我正在查询以获取每天的 uid 的累积不同计数。
示例:假设有 2 个 uid (100,200( 出现在日期 2016-11-01,它们也出现在第二天,新的 uid 300 (100,200,300( 出现在 2016-11-02在这一点上,我希望商店累积计数为 3 而不是 5(用户 ID 100 和 200 已经出现在过去一天(。
Input table:
date uid
2016-11-01 100
2016-11-01 200
2016-11-01 300
2016-11-01 400
2016-11-02 100
2016-11-02 200
2016-11-03 300
2016-11-03 400
2016-11-03 500
2016-11-03 600
2016-11-04 700
Expected query result:
date daily_cumulative_count
2016-11-01 4
2016-11-02 4
2016-11-03 6
2016-11-04 7
到目前为止,我能够每天获得累积的不同计数,但它也包括前一天以前的不同 uid。
SELECT
date,
SUM(count) OVER (
ORDER BY date ASC
ROWS BETWEEN UNBOUNDED PRECEDING AND CURRENT ROW
)
FROM (
SELECT
date,
COUNT(DISTINCT uid) AS count
FROM sample_table
GROUP by 1
)ORDER BY date DESC;
任何形式的帮助将不胜感激。
最简单的方法:
SELECT *, count(*) over (order by fst_date ) cum_uids
FROM (
SELECT uid, min(date) fst_date FROM t GROUP BY uid
) t
或类似的东西
WITH firstseen AS (
SELECT uid, MIN(date) date
FROM sample_table
GROUP BY 1
)
SELECT DISTINCT date, COUNT(uid) OVER (ORDER BY date) daily_cumulative_count
FROM firstseen
ORDER BY 1
使用SELECT DISTINCT因为(date, COUNT(uid))会重复很多次。
说明:对于每个日期dt,它计算从最早日期到dt的uid,因为我们指定ORDER BY date并且默认为BETWEEN UNBOUNDED PRECEDING AND CURRENT ROW。
您可以使用
exists来检查之前的任何日期是否存在 ID。
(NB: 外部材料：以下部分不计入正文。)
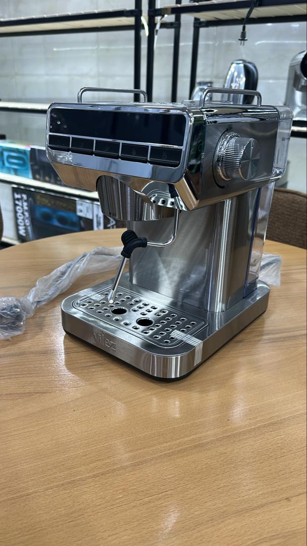 توان دستگاه : 1050 وات فشار بخار: 20 بار ظرفیت مخزن: 1/5 لیتر شامل فیلترهای تک و دو فنجان تنظیم میزان بخاردهی دستگاه درجه مصرف انرژی: A+ نوع نمایشگر: LED نازل کف گیر قابل جداشدن و ایمن دارای حسگر محافظ در برابر فشار بیش از حد جنس بدنه: استیل ضد زنگ و پلاستیک مقاوم ABS دارای صفحه گرم کننده برای پیش گرم کردن فنجانهای قهوه
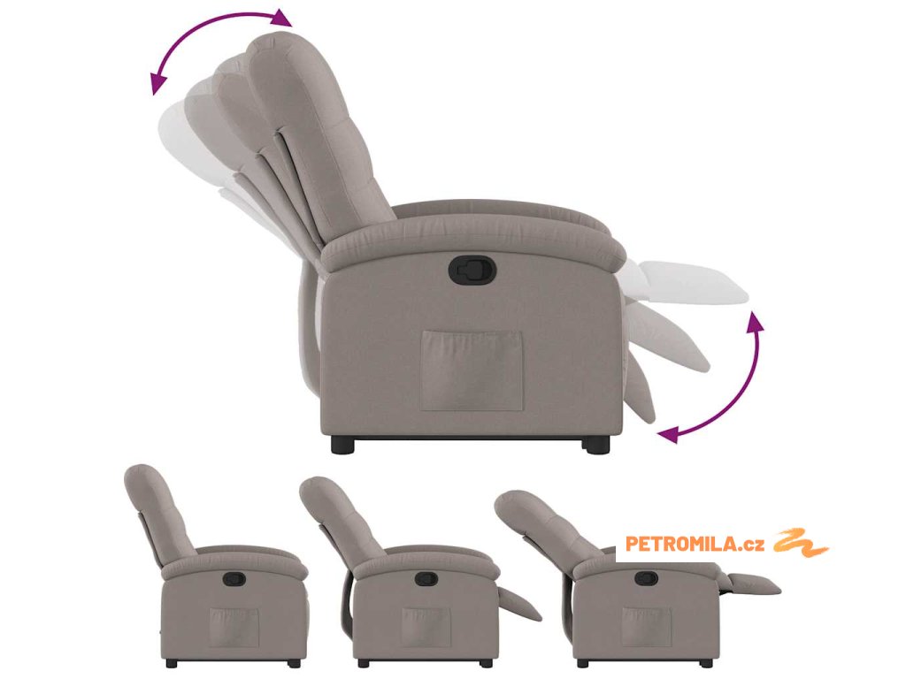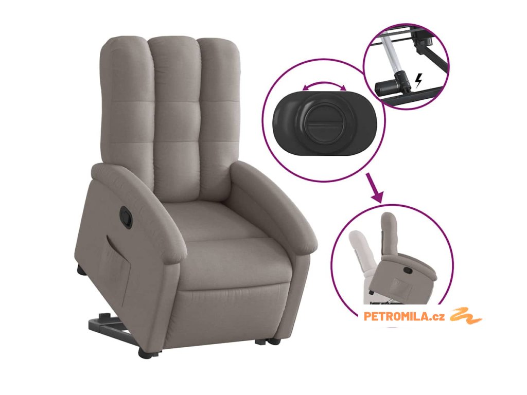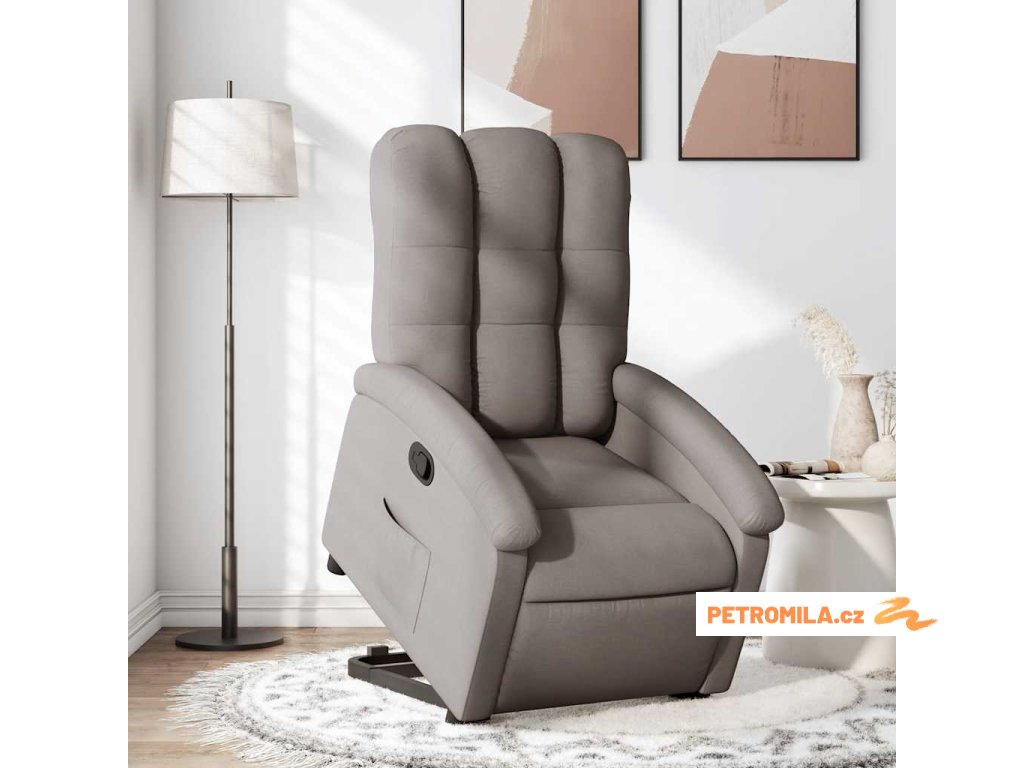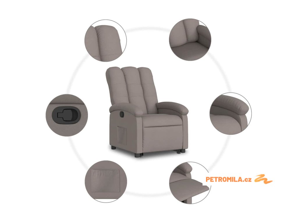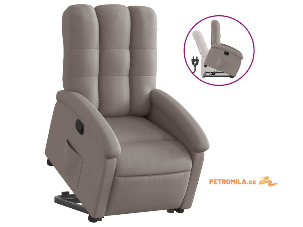Elektrické zvedací masážní polohovací křeslo tmavě šedé textil

然后获取运行总和并找到每个组的最大值,这将获得每日不同的累积计数。
select dt, max(col) as daily_cumulative_count
from (select t1.*,
sum(case when not exists (select 1 from t where t1.dt > dt and id = t1.uid) then 1 else 0 end) over(order by dt) col
from t t1) x
group by dt
请尝试
以下操作...
SELECT date AS date
COUNT( uid ) AS daily_cumulative_count
FROM ( SELECT leftTable.date AS date,
rightTable.uid AS uid
FROM sample_table AS leftTable
JOIN sample_table AS rightTable ON leftTable.date >= rightTable.date
GROUP BY leftTable.date,
rightTable.uid
) AS allUIDSForDateFinder
GROUP BY date;
此语句首先将一个 sample_table 实例连接到另一个实例,以便 leftTable 中的每条记录都与具有更早或相等date值的rightTable的每个记录的副本相关联。 这有效地将列表附加到该date值之前发生的所有uid值的每个date。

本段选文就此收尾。